▶ _Work task_
Leave the pictures out. Transcribe exactly every line from the start of the records through the one containing "Elegante collana girocollo".

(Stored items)
────
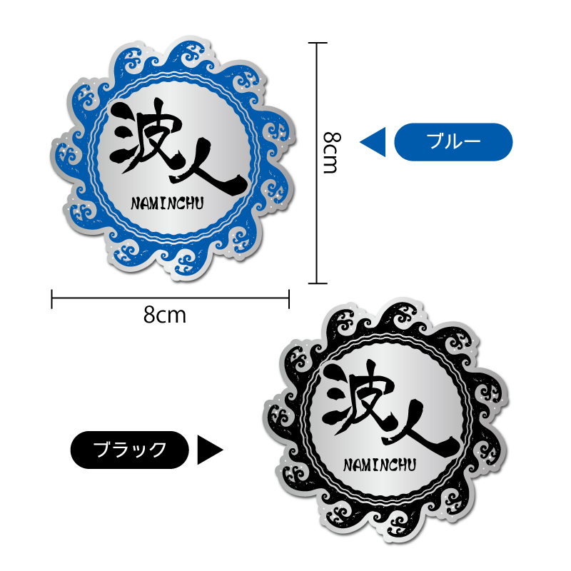 漢字と波柄を合わせたシンプルおしゃれな波人ステッカーです。
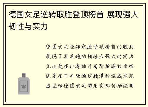 德国女足逆转取胜登顶榜首 展现强大韧性与实力
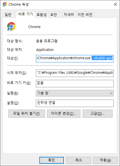 그럼 아래와 같은 창이 뜨는데 대상 뒷부분(~chrome.exe" 뒷부분)에 아래와 같이 -disable-gpu를 추가해줍시다.
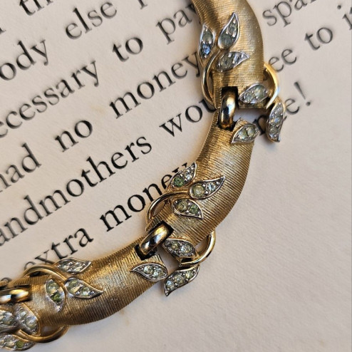 Elegante collana girocollo Trifari anni ’50, in lega metallica dorata con segmenti rigati e tralci decorativi con strass trasparenti e color verde chiaro. Firma sul fermaglio, lunghezza regolabile.
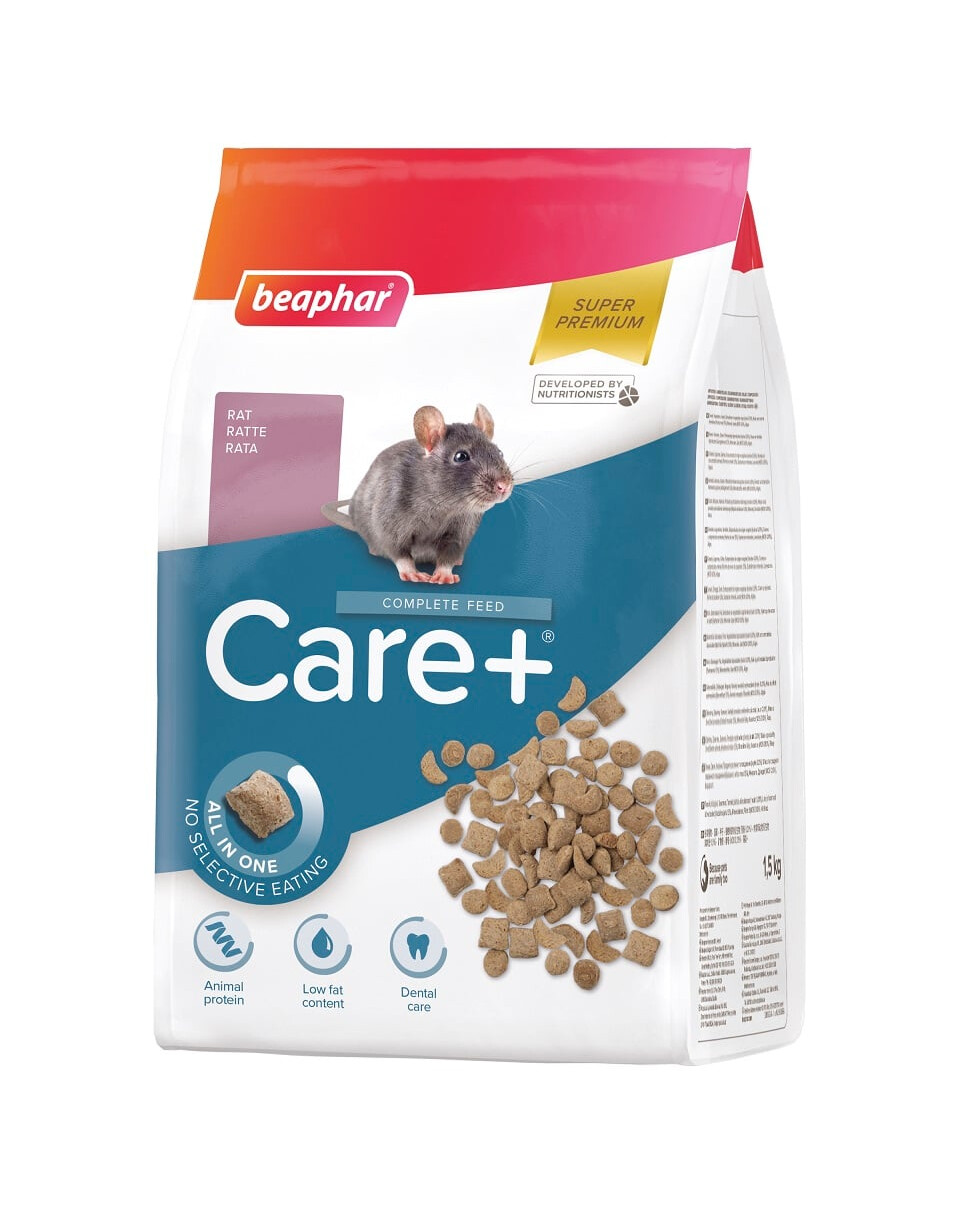Care+ Rat ist ein äußerst schmackhaftes, perfekt ausgewogenes Alleinfuttermittel für Ratten. Die Rezeptur wurde gemeinsam mit Tierärzten, Ernährungswissenschaftlern und Rattenzüchtern entwickelt. Ein spezielles Herstellungsverfahren (Extrusion) sorgt für eine hohe Verdaulichkeit des Proteins, eliminiert Bakterien, Schimmelpilze und Viren aus der Nahrung und macht dieses Produkt zu einer gesunden, sicheren und nahrhaften Mahlzeit. Jedes Futterpellet ist in seiner Zusammensetzung identisch, so dass das Phänomen des selektiven Fressens nur bestimmter Zutaten völlig ausgeschlossen ist. Die Tiere fressen fast das gesamte Futter und lassen keine Reste übrig, und die Besitzer können sicher sein, dass alle notwendigen Stoffe zugeführt werden. Ratten benötigen Eiweiß sowohl aus tierischen als auch aus pflanzlichen Quellen. Die im Futter enthaltenen Proteine haben einen hohen Anteil an essenziellen Aminosäuren, die für einen guten Muskelaufbau wichtig sind. Care+ hat einen niedrigen Fettgehalt und ein ausgewogenes Verhältnis von Omega-6- zu Omega-3-Fettsäuren. Das Futter enthält natürliche Inhaltsstoffe wie Echinacea, Spirulina und Yucca schidigera sowie chelatierte Mineralien. Die Kombination von FOS & MOS wirkt sich günstig auf die Darmflora aus.
────
▶ _Task result_
 漢字と波柄を合わせたシンプルおしゃれな波人ステッカーです。
 德国女足逆转取胜登顶榜首 展现强大韧性与实力
 그럼 아래와 같은 창이 뜨는데 대상 뒷부분(~chrome.exe" 뒷부분)에 아래와 같이 -disable-gpu를 추가해줍시다.
 Elegante collana girocollo Trifari anni ’50, in lega metallica dorata con segmenti rigati e tralci decorativi con strass trasparenti e color verde chiaro. Firma sul fermaglio, lunghezza regolabile.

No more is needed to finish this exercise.